**Required work:** Set the listing down again in full, word for word, with the pictures left out.

**Provided material:**
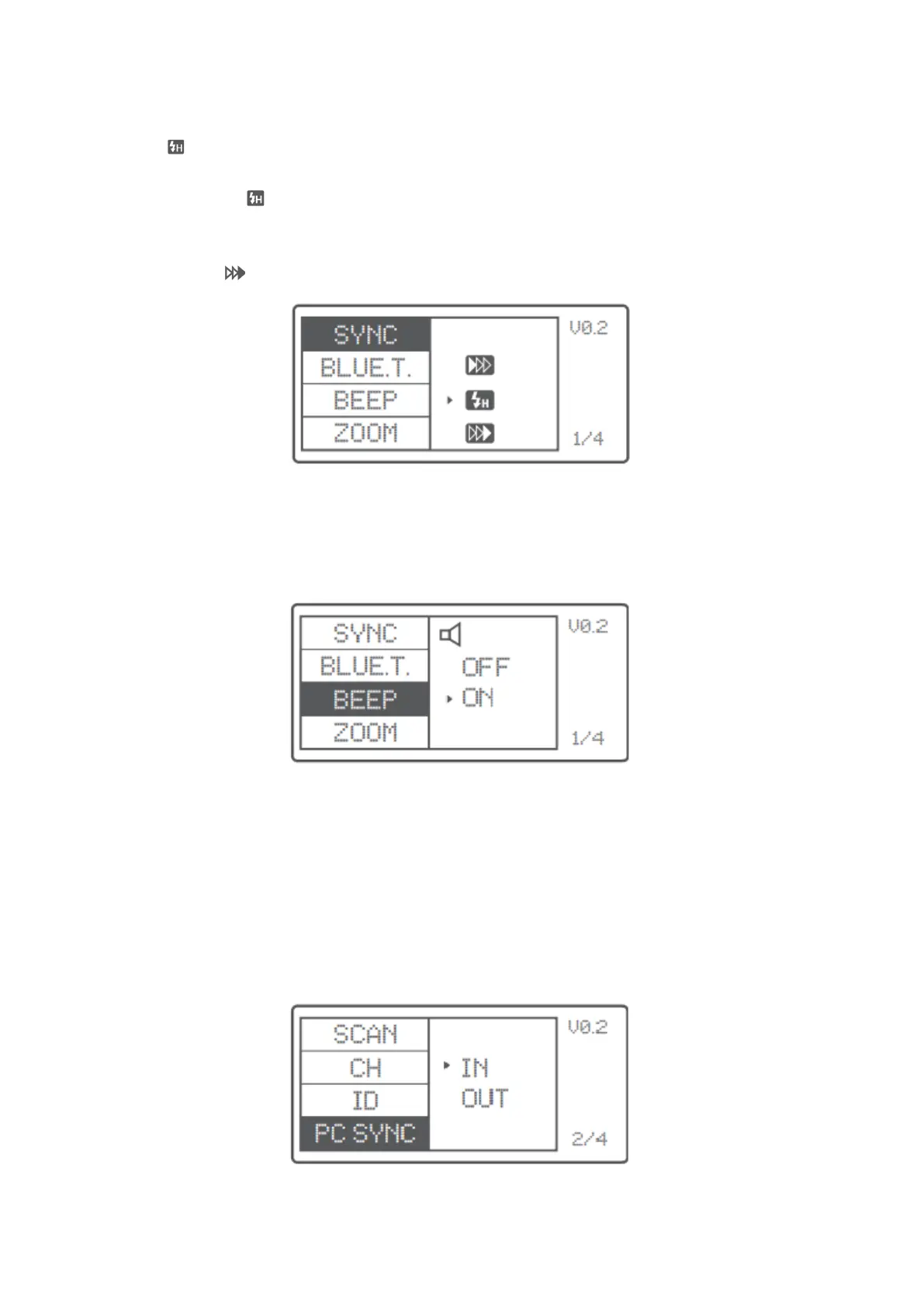 do nabídky SYNC. Vyberte ikonu vysokorychlostní synchronizace a na panelu LCD
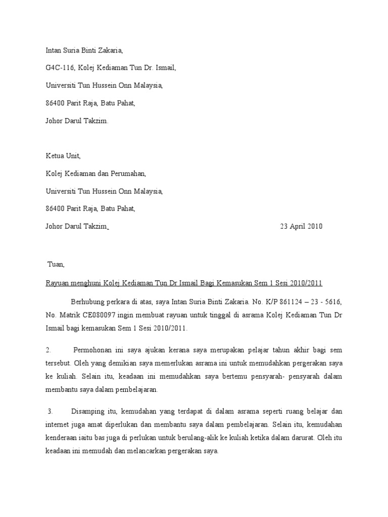 Surat Rayuan Tinggal Di Kolej Kediaman Instantasshat Addfame
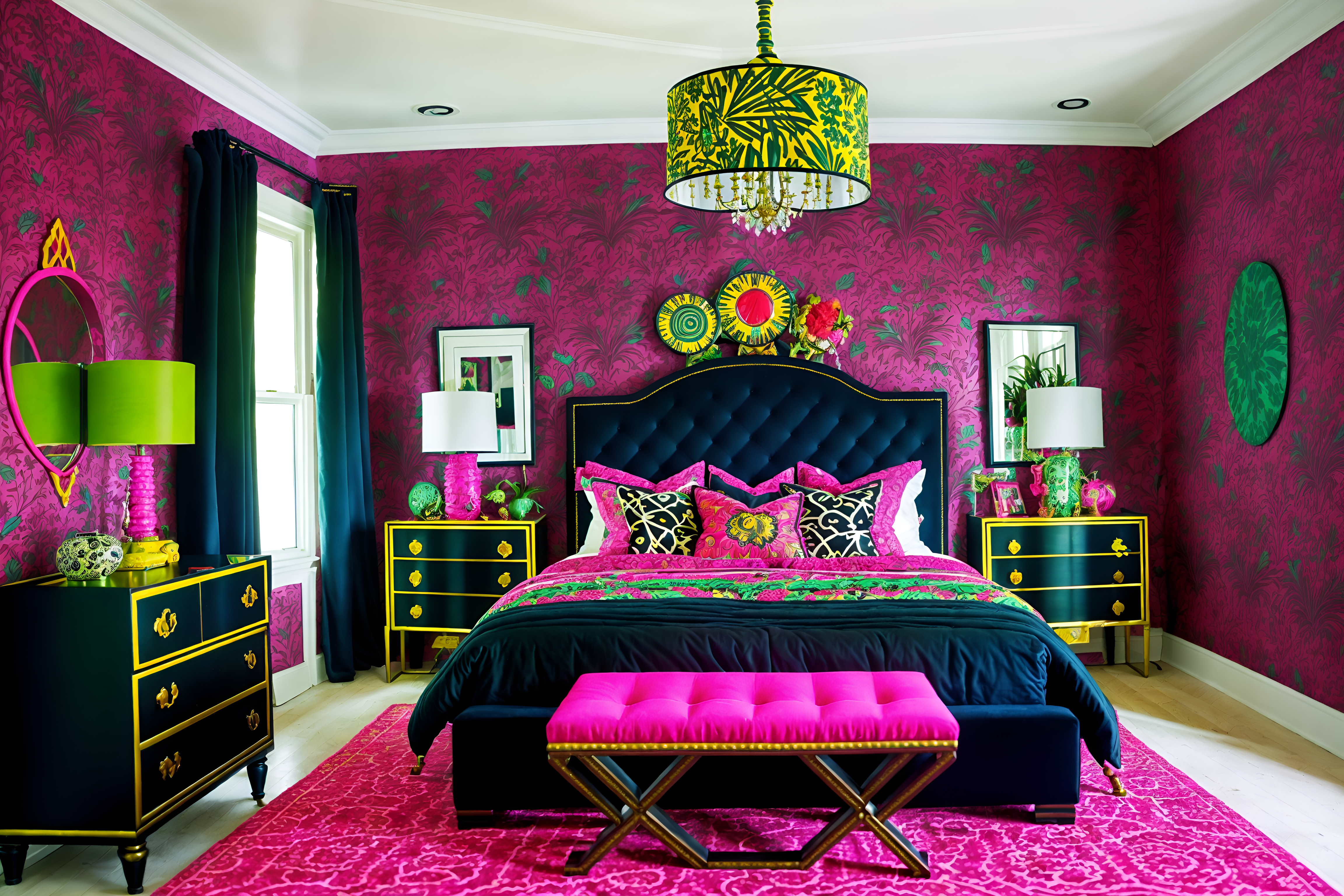 photo from pinterest of maximalist-style interior designed (bedroom interior) with plant and accent chair and storage bench or ottoman and night light and bedside table or night stand and bed and dresser closet and headboard. . with bold colors and eye-catching and vibrant and playful and bold design and more is more philosophy and over-the-top aesthetic and bold creativity. . cinematic photo, highly detailed, cinematic lighting, ultra-detailed, ultrarealistic, photorealism, 8k. trending on pinterest. maximalist interior design style. masterpiece, cinematic light, ultrarealistic+, photorealistic+, 8k, raw photo, realistic, sharp focus on eyes, (symmetrical eyes), (intact eyes), hyperrealistic, highest quality, best quality, , highly detailed, masterpiece, best quality, extremely detailed 8k wallpaper, masterpiece, best quality, ultra-detailed, best shadow, detailed background, detailed face, detailed eyes, high contrast, best illumination, detailed face, dulux, caustic, dynamic angle, detailed glow. dramatic lighting. highly detailed, insanely detailed hair, symmetrical, intricate details, professionally retouched, 8k high definition. strong bokeh. award winning photo.

**Response box:**
 do nabídky SYNC. Vyberte ikonu vysokorychlostní synchronizace a na panelu LCD
 Surat Rayuan Tinggal Di Kolej Kediaman Instantasshat Addfame
 photo from pinterest of maximalist-style interior designed (bedroom interior) with plant and accent chair and storage bench or ottoman and night light and bedside table or night stand and bed and dresser closet and headboard. . with bold colors and eye-catching and vibrant and playful and bold design and more is more philosophy and over-the-top aesthetic and bold creativity. . cinematic photo, highly detailed, cinematic lighting, ultra-detailed, ultrarealistic, photorealism, 8k. trending on pinterest. maximalist interior design style. masterpiece, cinematic light, ultrarealistic+, photorealistic+, 8k, raw photo, realistic, sharp focus on eyes, (symmetrical eyes), (intact eyes), hyperrealistic, highest quality, best quality, , highly detailed, masterpiece, best quality, extremely detailed 8k wallpaper, masterpiece, best quality, ultra-detailed, best shadow, detailed background, detailed face, detailed eyes, high contrast, best illumination, detailed face, dulux, caustic, dynamic angle, detailed glow. dramatic lighting. highly detailed, insanely detailed hair, symmetrical, intricate details, professionally retouched, 8k high definition. strong bokeh. award winning photo.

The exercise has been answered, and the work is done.